Closed vnummela closed 5 years ago
Thanks for the sample files. The good news is I can recreate the error:
$ python
Python 2.7.5 (default, Mar 9 2014, 22:15:05)
[GCC 4.2.1 Compatible Apple LLVM 5.0 (clang-500.0.68)] on darwin
Type "help", "copyright", "credits" or "license" for more information.

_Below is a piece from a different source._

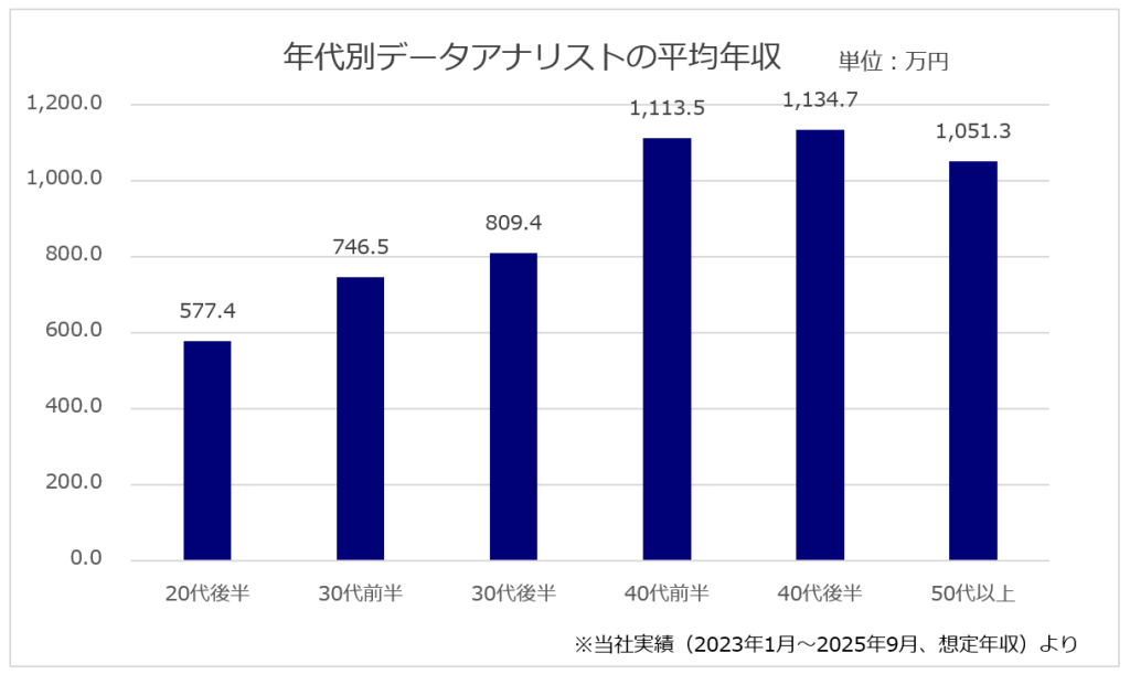 年代別に見ると、20代後半で平均577.4万円、30代前半で746.5万円と、早期から専門性に応じた高い給与水準が期待できます。さらに40代前半には平均年収が1,000万円を超え大幅に上昇。この数字から、経験を積み、より戦略的な分析や意思決定支援に携わることで報酬が飛躍的に伸びる職であるといえます。さらに、50代以上でも1,051.3万円と高水準を維持していることから、専門性を軸に長期的なキャリア形成が可能であるといえるでしょう。

>>> import backports.lzma as lz
>>> path = "22h_ticks_bad.bi5"
>>> with lz.open(path.encode('utf-8')) as f: filecontent = f.read()
...
Traceback (most recent call last):
File "<stdin>", line 1, in <module>
File "/Library/Python/2.7/site-packages/backports/lzma/__init__.py", line 287, in read
return self._read_all()
File "/Library/Python/2.7/site-packages/backports/lzma/__init__.py", line 236, in _read_all
while self._fill_buffer():
File "/Library/Python/2.7/site-packages/backports/lzma/__init__.py", line 223, in _fill_buffer
raise EOFError("Compressed file ended before the "
EOFError: Compressed file ended before the end-of-stream marker was reached
And from my point of view, more good news - the same happens with the standard library shipped with Python:
$ python3.4
Python 3.4.0a4 (default, Nov 4 2013, 14:58:04)

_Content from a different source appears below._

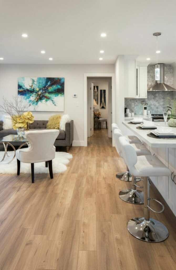 Using the same flooring throughout the level expands the space visually. It eliminates choppy visual breaks that make rooms feel small. Hardwood or luxury vinyl plank are excellent choices.
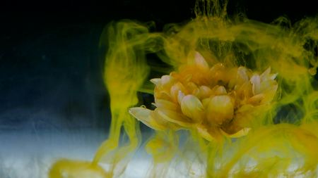 Yellow ink in water, artistic shot, abstract background

[GCC 4.2.1 Compatible Apple LLVM 5.0 (clang-500.2.79)] on darwin
Type "help", "copyright", "credits" or "license" for more information.
>>> import lzma as lz
>>> path = "22h_ticks_bad.bi5"
>>> with lz.open(path.encode('utf-8')) as f: filecontent = f.read()
...
Traceback (most recent call last):
File "<stdin>", line 1, in <module>
File "/Users/pjcock/lib/python3.4/lzma.py", line 303, in read
return self._read_all()
File "/Users/pjcock/lib/python3.4/lzma.py", line 244, in _read_all
while self._fill_buffer():
File "/Users/pjcock/lib/python3.4/lzma.py", line 225, in _fill_buffer
raise EOFError("Compressed file ended before the "

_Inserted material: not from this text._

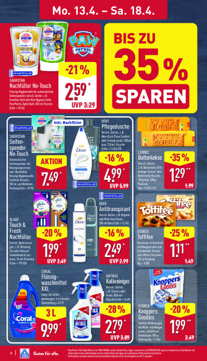 Bitte beachten Sie, dass dieser Text automatisch generiert wird und möglicherweise Fehler enthältLU 13.4. - Sa. 18.4. M5 4 LJ SAGROTAN Nachfüller No-Touch Flüssige Hygieneseife für automatischen 59 Seifenspender versch. Sorten, zB. Kamillen-Duftoder Kids Hygiene-Seife SPAREN Paw Patrol, Apfel-Duft; 250-ml-Flasche UVP 3.29 (Liter =10.36) DOVE Ï ACHERN N Versch. Sorten, z.B. SAGROTAN Ne Men+Care Clean Comfort Seifen- are ader Cremig-sanft:700m bzw. 720 ml; Flasche (A spender ARE {Liter =719/693) ACTU Automatischer utterkekse Seifenspender mit ETAGE inkl. Nachfüller PC LOC CCR CL USP Sardinia-Dreams, (XX 99 29 250 ml, und Batteri TT) UVP 5:99 = N DOVE | iki fe Antitranspirant (ul Versch. Sorten, z.B. Original 10 33 GLADE = KLA TS | | Dove 200-ml-Dose [Liter =12.45) Touch & | Fresh Nachfüller KEE Da COUT Zen oder Sensual Sandalwood & Jas- 19 2e PLANNER (LE 12277 (Liter = 199.00) CORAL " ANTIKAL Mez Flüssig- waschmittel Kalkreiniger Ln REEN 2.B. Classic oder ‘Color: für 60 An- Fresh; 800-ml- wendungen:3-L-Flasche «a 6 Flasche (Liter = 3.49) = (Anwendung =0.17) ad 79 Lin ilch= und Lie CET LE UVP 3:89 Schoklade:180-g- TA Packung kg = 11.06 "Pam Patrol: 2026 Spin Master. PA PATROL and al relaedles,logs,caracers;and SPINMASTER ogoare trademarks a pn Master 1. PT ETAT EE TE NL EN A ET TELLEN ONEENS

EOFError: Compressed file ended before the end-of-stream marker was reached
i.e. This isn't a problem specific in the backport.
While this could be a bug in Python's lzma code, from the error message I suspect the problem files are incomplete, and have been truncated (partial downloads). I would guess the Python code is simply being stricter than the XZ Utils, which may just decompress all that it can. If I am right, then you should find re-downloading the files fixes things. However, it could be a problem with the file creation.
If you want to file a bug report with Python.org could you post a link to it here please?
Hi Peter,
Thanks for confirming the problem. You raise a good point about the integrity of the original files. I did some further testing, but could not find anything to suggest that the data files would have been compromised:
I will submit a bug report with Python.org and cross-link. Thanks for your help!
Hmm. Using md5sum
or even diff
would be a quick way to check the re-downloaded files are identical.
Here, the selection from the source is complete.